Exercise description: From the listing below, pick out each line with the word "waist".

Segment Open

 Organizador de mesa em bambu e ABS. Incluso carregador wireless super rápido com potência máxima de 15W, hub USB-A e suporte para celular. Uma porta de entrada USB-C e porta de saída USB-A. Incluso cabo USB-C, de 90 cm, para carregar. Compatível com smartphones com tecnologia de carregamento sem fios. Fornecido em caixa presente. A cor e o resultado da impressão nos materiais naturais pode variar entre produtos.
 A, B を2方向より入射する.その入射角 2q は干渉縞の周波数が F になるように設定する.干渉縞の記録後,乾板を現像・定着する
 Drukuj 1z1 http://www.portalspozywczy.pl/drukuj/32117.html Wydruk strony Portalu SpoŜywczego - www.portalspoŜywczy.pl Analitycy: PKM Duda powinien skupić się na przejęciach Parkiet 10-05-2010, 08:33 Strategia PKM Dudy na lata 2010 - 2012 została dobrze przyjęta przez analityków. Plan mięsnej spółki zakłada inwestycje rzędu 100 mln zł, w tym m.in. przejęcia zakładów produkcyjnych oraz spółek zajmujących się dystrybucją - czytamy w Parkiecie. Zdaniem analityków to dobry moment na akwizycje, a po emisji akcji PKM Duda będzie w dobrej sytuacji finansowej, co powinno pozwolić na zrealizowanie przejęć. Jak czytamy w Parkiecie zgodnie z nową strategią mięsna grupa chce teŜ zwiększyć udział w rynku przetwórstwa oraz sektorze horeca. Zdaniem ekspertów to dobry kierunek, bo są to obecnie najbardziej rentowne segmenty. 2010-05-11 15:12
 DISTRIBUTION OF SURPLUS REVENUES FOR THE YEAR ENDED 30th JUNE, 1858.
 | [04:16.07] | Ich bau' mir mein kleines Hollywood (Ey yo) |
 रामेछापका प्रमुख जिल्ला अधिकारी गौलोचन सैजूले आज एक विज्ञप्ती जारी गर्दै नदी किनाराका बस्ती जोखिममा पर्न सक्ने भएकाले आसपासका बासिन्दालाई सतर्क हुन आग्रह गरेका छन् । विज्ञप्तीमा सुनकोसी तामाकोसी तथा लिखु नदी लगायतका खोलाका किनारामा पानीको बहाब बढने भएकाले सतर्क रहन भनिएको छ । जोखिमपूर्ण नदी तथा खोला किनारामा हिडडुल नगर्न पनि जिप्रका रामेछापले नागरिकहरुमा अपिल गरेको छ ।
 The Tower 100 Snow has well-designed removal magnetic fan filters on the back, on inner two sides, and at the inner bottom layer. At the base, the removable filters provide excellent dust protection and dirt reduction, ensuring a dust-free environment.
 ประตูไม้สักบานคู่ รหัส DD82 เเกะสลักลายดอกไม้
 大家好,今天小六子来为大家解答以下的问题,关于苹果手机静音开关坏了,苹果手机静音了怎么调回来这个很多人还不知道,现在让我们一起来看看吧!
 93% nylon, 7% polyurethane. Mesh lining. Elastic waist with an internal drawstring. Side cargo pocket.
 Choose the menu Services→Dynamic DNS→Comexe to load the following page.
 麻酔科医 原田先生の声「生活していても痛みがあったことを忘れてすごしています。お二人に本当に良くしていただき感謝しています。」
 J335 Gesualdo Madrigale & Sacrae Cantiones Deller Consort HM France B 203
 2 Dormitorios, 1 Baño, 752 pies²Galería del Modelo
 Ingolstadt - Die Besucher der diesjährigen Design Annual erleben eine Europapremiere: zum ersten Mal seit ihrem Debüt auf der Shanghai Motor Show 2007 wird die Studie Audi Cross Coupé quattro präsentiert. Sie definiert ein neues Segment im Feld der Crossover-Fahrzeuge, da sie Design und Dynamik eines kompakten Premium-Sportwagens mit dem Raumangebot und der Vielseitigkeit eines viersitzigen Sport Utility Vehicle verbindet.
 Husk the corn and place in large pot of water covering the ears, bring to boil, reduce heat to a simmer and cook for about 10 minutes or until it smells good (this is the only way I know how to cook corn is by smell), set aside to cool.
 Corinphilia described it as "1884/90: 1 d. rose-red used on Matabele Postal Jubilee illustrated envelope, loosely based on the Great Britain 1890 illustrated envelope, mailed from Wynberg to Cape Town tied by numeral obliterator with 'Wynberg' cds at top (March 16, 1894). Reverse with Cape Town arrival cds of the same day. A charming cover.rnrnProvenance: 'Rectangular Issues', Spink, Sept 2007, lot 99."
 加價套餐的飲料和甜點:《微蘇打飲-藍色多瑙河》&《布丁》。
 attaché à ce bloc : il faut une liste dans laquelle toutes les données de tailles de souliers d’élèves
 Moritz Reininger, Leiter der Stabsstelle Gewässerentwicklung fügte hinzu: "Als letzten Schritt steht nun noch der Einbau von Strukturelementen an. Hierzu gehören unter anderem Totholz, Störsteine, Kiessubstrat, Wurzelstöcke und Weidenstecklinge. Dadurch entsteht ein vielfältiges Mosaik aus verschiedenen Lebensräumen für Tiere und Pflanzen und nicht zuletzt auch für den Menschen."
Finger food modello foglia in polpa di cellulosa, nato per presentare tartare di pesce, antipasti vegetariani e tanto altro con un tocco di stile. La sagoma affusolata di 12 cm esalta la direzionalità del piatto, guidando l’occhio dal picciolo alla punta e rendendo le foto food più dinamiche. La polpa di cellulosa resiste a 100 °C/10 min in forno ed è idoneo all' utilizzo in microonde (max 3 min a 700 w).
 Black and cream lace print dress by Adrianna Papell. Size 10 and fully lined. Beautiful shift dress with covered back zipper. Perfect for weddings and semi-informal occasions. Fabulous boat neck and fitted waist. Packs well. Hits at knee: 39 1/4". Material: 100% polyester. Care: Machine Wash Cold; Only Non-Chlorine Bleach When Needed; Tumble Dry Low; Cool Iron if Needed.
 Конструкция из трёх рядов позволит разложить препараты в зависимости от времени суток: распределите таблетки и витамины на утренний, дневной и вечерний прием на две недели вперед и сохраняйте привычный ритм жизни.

Segment Closed

Solution:
 93% nylon, 7% polyurethane. Mesh lining. Elastic waist with an internal drawstring. Side cargo pocket.
 Black and cream lace print dress by Adrianna Papell. Size 10 and fully lined. Beautiful shift dress with covered back zipper. Perfect for weddings and semi-informal occasions. Fabulous boat neck and fitted waist. Packs well. Hits at knee: 39 1/4". Material: 100% polyester. Care: Machine Wash Cold; Only Non-Chlorine Bleach When Needed; Tumble Dry Low; Cool Iron if Needed.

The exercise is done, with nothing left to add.